Em discussões recentes com autoridades europeias da área de saúde, Hudson e David Loew, chefe da unidade de vacinas da Sanofi, fizeram um apelo para que os políticos criem um órgão equivalente à Agência de Desenvolvimento e Pesquisa Avançada Biomédica (Barda, na sigla em inglês), do governo dos EUA. O órgão trabalha em conjunto com empresas privadas para adquirir e desenvolver tratamentos contra pandemias do vírus influenza e doenças infecciosas emergentes.
“Você tem que decidir como pretende que o custo, qualidade e continuidade do fornecimento sejam no longo prazo”, disse Hudson. “Não precisa ser absurdamente diferente do que é hoje, mas você precisa começar a pensar em soberania.” Antes da epidemia do coronavírus, a Sanofi, quarto maior fabricante de vacinas do mundo, em receita, começou a ampliar a capacidade de produção nos EUA, após um pedido do governo.
“Eles querem certificar de que possuem estoque para seus cidadãos”, disse Hudson, referindo-se à Barda. “Precisamos ser um pouco mais assim na Europa.” A pandemia levou alguns executivos do setor farmacêutico e de provisões médicas a refletir se a produção fora dos territórios nacionais como forma de economizar custos não teria ido longe demais.
Cerca de 60% a 80% dos princípios ativos farmacêuticos do mundo são produzidos na Índia e na China, segundo associações setoriais, sendo que alguns tiveram a exportação proibida durante a epidemia. A Sanofi tenta remediar isso se desmembrando de sua unidade europeia de princípios ativos em 2022, para facilitar sua expansão.
“Em uma situação de crise como a que podemos ver agora, você não consegue nem máscaras”, disse Loew. “Eu encorajaria a Comissão Europeia a começar a pensar como vamos distribuir, no médio prazo, a capacidade [produtiva] que queremos ter. Hoje, não temos capacidade instalada suficiente em solo europeu.” A Sanofi tem três fábricas de vacinas na França e três nos EUA. Nenhuma de suas instalações, na Europa, contudo, é capaz produzir vacinas usando a nova tecnologia de DNA recombinante, que agora vem sendo testada para criar vacinas de coronavírus.
A Barda entrou rapidamente em ação para enfrentar o coronavírus. Aliou-se a laboratórios farmacêuticos, como a Sanofi, para testar diagnósticos e pesquisar uma vacina.

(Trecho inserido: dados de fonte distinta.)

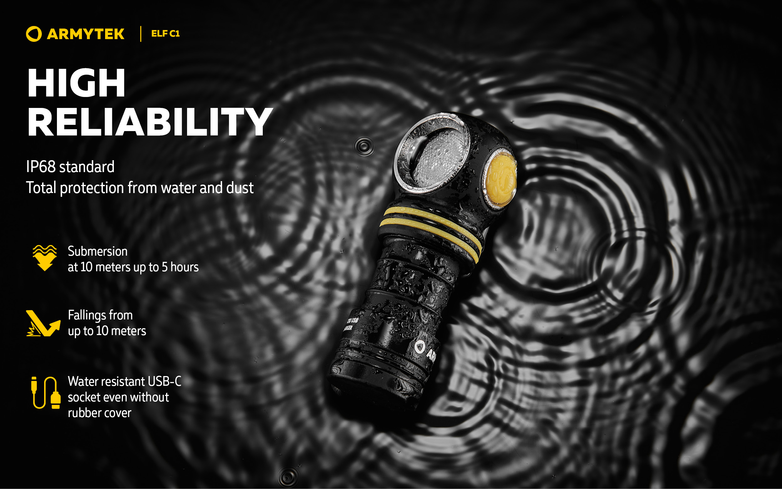 - Robust and water resistant USB-C socket even without rubber cover.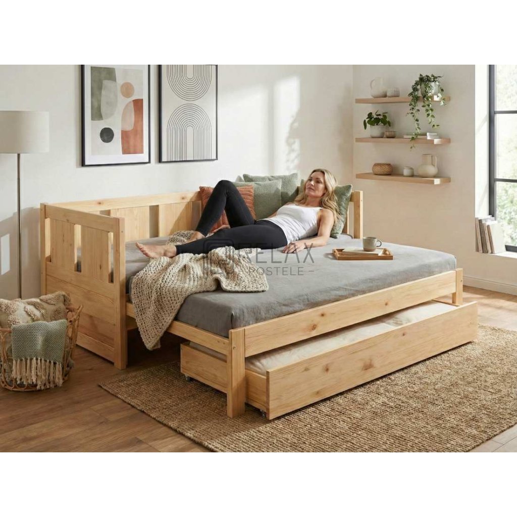 Rozkládací postel s úložným prostorem Relax - masiv borovice
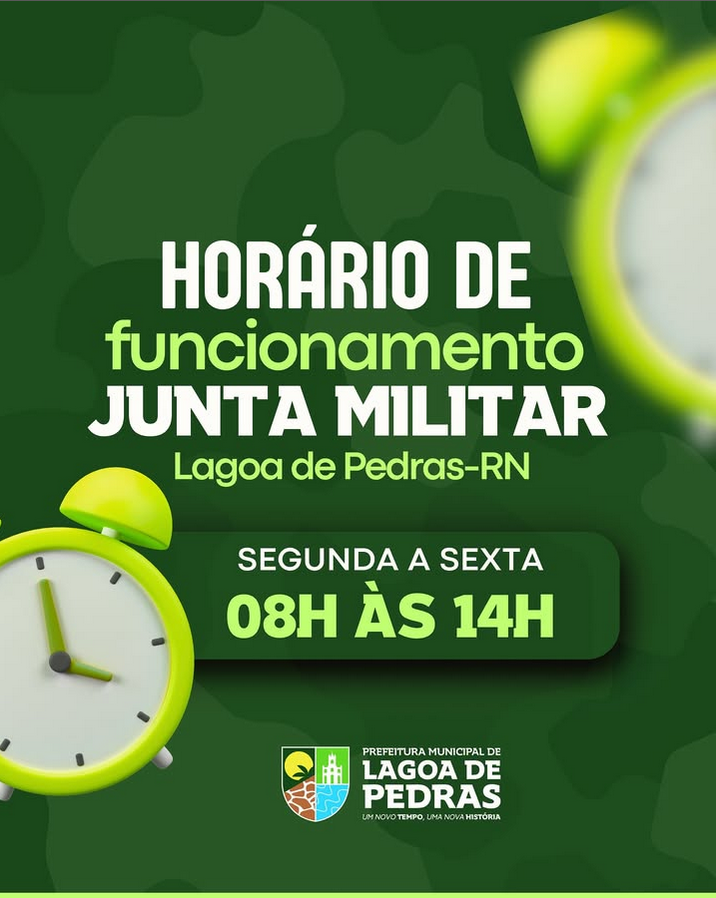 Horário de Funcionamento – Junta Militar Segunda a sexta | 08h às 14h Atendimento na sala ao lado da Prefeitura Municipal de Lagoa de Pedras. Mantenha suas obrigações militares em dia!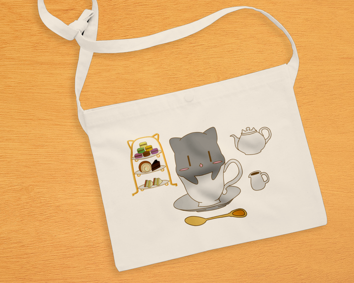 私たちの学校のコースで一ヶ月学内ショップを開店することになり、そこで商品デザインを担当した際に作成したものになります。 ショップテーマのアフタヌーンティーから自由気ままで優雅な猫を連想したので、猫がお茶会をしているというイメージでデザインをしました。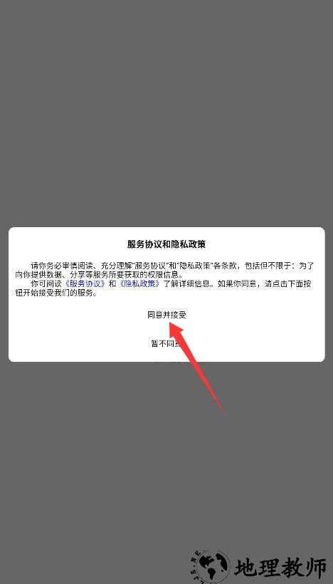 1、初次使用需完整阅读平台服务条款与隐私政策,确认后点击同意并接受进入应用。

Parcerias público-privadas são necessárias para combater novos vírus com potencial pandêmico porque as empresas muitas vezes precisam começar a trabalhar sem saber como será o mercado. A Barda frequentemente se compromete a comprar as vacinas mesmo se as pandemias se extinguirem, como foi no caso do zika e do ebola.

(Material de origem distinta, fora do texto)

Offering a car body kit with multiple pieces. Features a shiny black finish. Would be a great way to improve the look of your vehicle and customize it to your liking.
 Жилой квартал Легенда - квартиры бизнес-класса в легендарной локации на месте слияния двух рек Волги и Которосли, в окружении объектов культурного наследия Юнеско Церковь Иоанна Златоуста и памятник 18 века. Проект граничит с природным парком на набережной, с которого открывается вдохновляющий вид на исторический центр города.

Com mais de dez empresas correndo para criar uma vacina contra o coronavírus, especialistas alertam que vai levar pelo menos 18 meses para que uma esteja pronta, em vista do tempo necessário para os testes clínicos.

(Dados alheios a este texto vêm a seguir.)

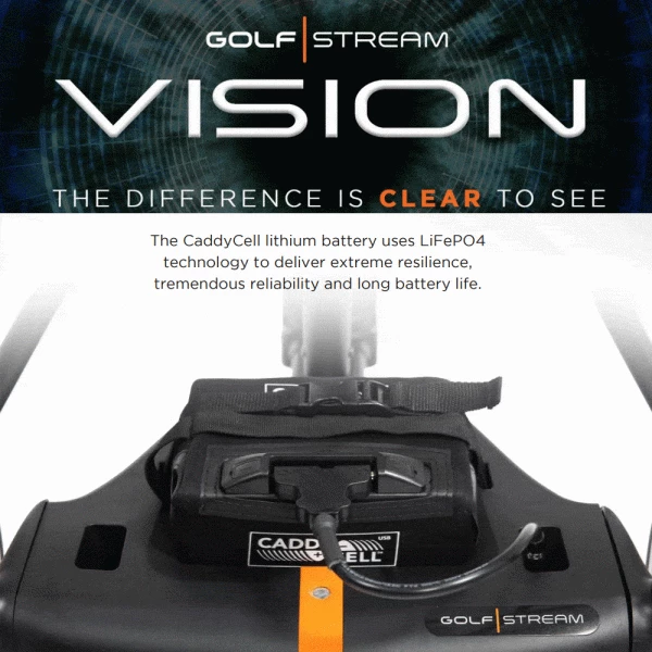 The New & Improved features Revolutionary Caddy White screen technology that can be seen easily in even the brightest of sunshine. The front wheels feature housing to avoid clogging and this Golf trolley also has Super slick high grip PU rubber tyres that are durable and built to last. Your bag is held beautifully by two side arms without “perching” on the central beam to avoid bag wobble and the Vision Electric Golf Trolley folds flatter than most trolleys via a one touch super simple fold/unfold system. Golfstream’s Vision Trolley even lets you personalise the main screen to allow names and there is a simplicity mode for those who don’t want the fancy extras when using this golf trolley. The Trolley is powered by a Caddy Cell Lithium battery which is Super quiet yet powerful for an uninterrupted round.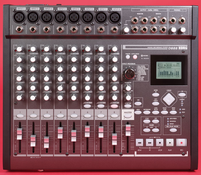 Korg D888은 8트랙, 8채널, 8버스 레코더로, 550파운드 이하의 경쟁력 있는 가격으로 출시되었습니다. 최첨단 디지털 레코딩 장치라기보다는 8채널 아날로그 믹서처럼 보이도록 설계된 것이 특징입니다.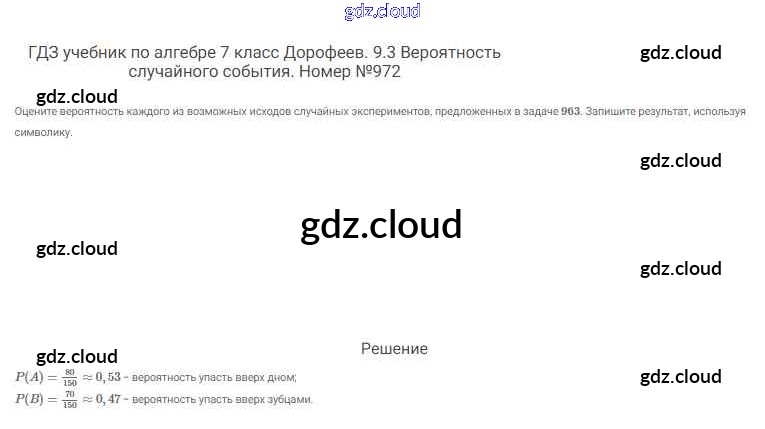 Ответ на задание 972 Учебник Алгебра  за 7 (седьмой) класс Дорофеев, Суворова, Бунимович Академический школьный учебник  2020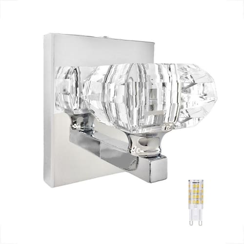 Descrição: - materiais: metal e cristal k9. - dimensões do cristal cxlxa : 7 cm x 7 cm x 4 cm - dimensões da base: Altura: 12 cm Largura: 10 cm Profundidade: 2 cm - profundidade total da arandela: 10 cm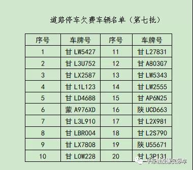 平?jīng)鲋行某菂^(qū)智慧停車第七批路側(cè)停車欠費(fèi)車輛信息公示

Loew disse que a Sanofi almeja ter uma versão experimental da vacina disponível em seis meses, iniciar os testes em um ano e ganhar aprovação dos órgãos reguladores em dois a três anos. Uma equipe de 60 cientistas está encarregada da tarefa.
Loew ressaltou, porém, que a Sanofi precisa de mais tempo para determinar se aloca mais recursos para desenvolver a vacina.
“O coronavírus poderia ser algo sazonal, como uma gripe. Poderia sumir em um par de meses. Simplesmente, não sabemos; e a epidemiologia também não está completamente clara”, disse.
Loew disse ser demasiado cedo para discutir preços, mas rejeitou a ideia de que vacinas desenvolvidas, em parte, com dinheiro público deveriam ser grátis ou baratas.
“Ninguém, enquanto grande empresa, vai embarcar [nessa ideia] se não houver certo retorno a receber pelo seu investimento e os riscos que está assumindo.”
O professor Jimmy Whitworth, da London School of Hygiene & Tropical Medicine, apoia a ideia de uma Barda europeia. “Estamos cada vez mais vulneráveis a um número cada vez menor de fabricantes [...] quanto mais pessoas sejam capazes de produzir novas terapias, novas vacinas e assim por diante, mais bem preparados vamos estar.”